(2018) Well who'd have thought it? Pinot Noir from Portugal is highly unusual, this from Lisboa (formerly known as Estremadura), aged in a combination of French, American and Portuguese oak barrels. For Pinot lovers the search for affordable versions is always on, and this is a good little wine - indeed very good for its price: briarwood, roasted chestnut and some autumnal, woodland aromas join the red fruits, and the palate has juiciness and good balance. Even better, it's normal price of £8.99 is reduced to just £7.49 at time of review. Watch the video for more information and food-matching ideas.
(2018) Named after the castle of Castelrotto in Valpolicella, this is Corvina, dried for about 30 days, then after a long fermentation in Slavonian oak casks it is aged in small French oak barrels. It has a firm briar and cherry nose, with plum and a touch of dried herbs. On the palate it is firm with a bittersweet endive note, the oak and depth of the dried Corvina adding a balsamic richness and again that spicy, herby edge. Grippy yet fruity, and a serious food wine.

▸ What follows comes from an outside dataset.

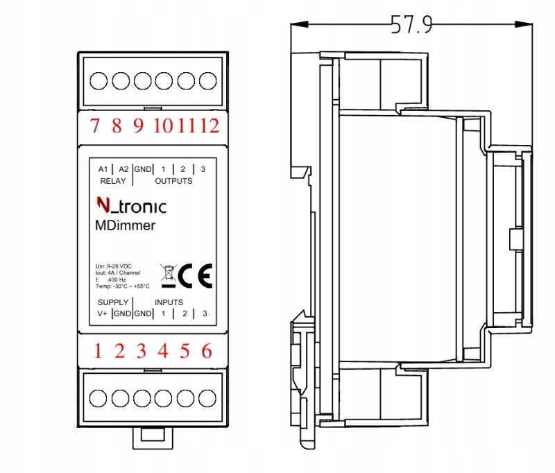 3-канальний драйвер світлодіодного диммера для шини TH-35
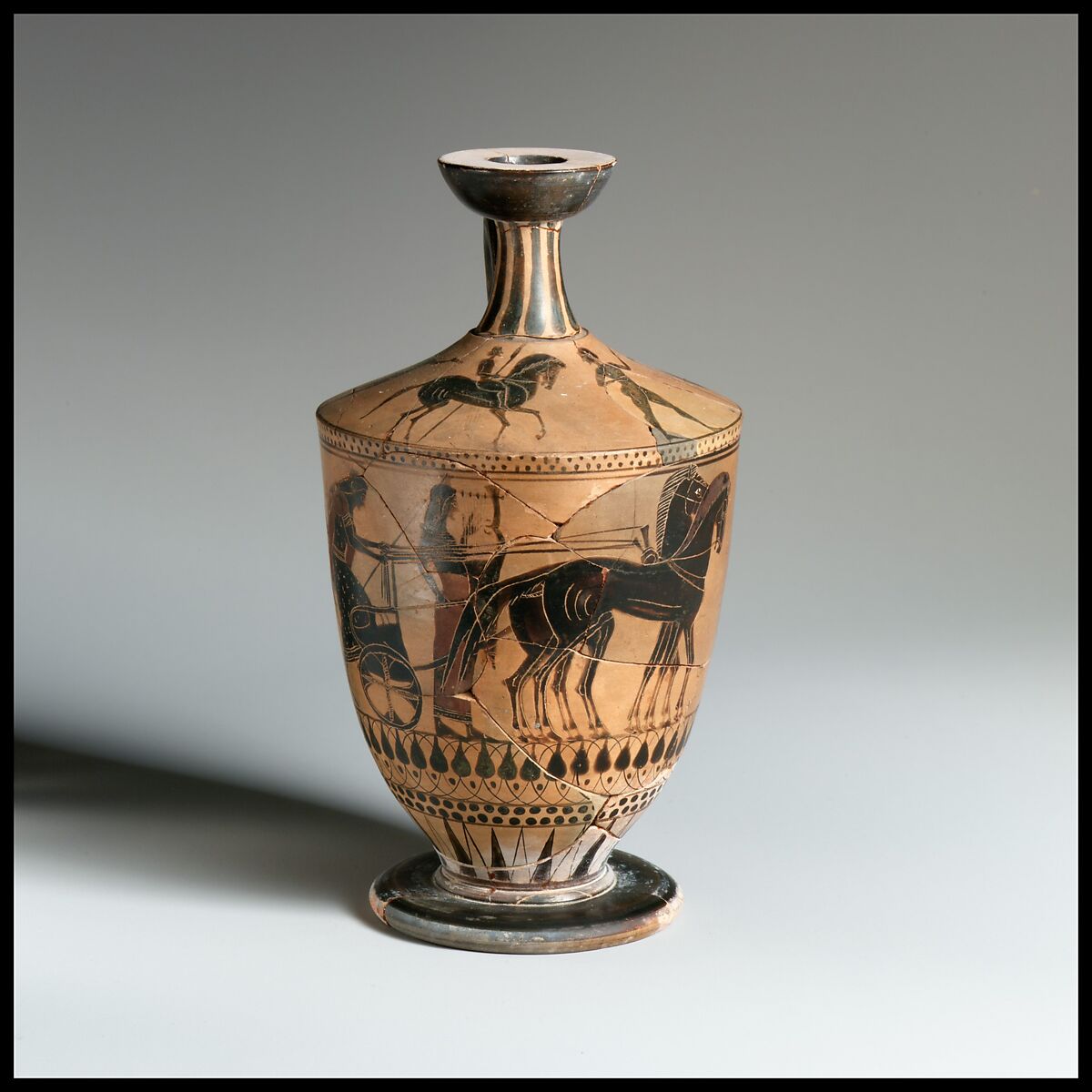 The grayish color of the clay indicates that the vase was in a fire, possibly a funeral pyre. The palmette ornament under the handle is adopted from neck-amphorae.

(2018) Only 4,500 bottles of this 'experimental' wine were produced, blending the local Corvina, Corvinone and Rondinella with Syrah, in an appassimento style, with partially dried grapes. Dark and dense in colour, there's a vibrancy and juiciness to the fruit on the nose, slightly dusty plum and cherry, but vital and concentrated, the Syrah perhaps adding a touch of that sizzling bacon fat character. In the mouth the Syrah is there, a ripe black fruit at the core of this, powerful, long, with a liquorice twist to the tannins and acidity.
(2018) The indigenous Nero d'Avola is one of Sicily's most important red wine varieties, here made in the appasimento style. That means a proportion of the grapes were dried before fermentation, and that has resulted in a rich, dark wine with just a trace of sweetness. Bold with a cherry fruited acidity to brighten, its extremely quaffable and the soft finish makes it very crowd-friendly. Watch the video for more information on the wine and the appasimento technique, and for food-matching ideas. The price falls to £8.99 if bought as part of a mixed six from Majestic.
(2018) Quite a different vintage from the 2015 this, with more pronounced herbal, peppery and raspberry notes joining the black fruit, a little balsamic and lifted character, all very attractive in a firmer way. In the mouth the wine has the same sense of opulence and plushness, a dark, glossy pool of black fruits inviting you to dive right in, but there's a little more of an edge too, firm, liquoricy, mocha-deep, but giving a certain tangy presence. This is a slightly more savoury, structured interpretation, and again, a very successful one. This will improve further with mid-term cellaring, whilst the 2015 is irresistible now.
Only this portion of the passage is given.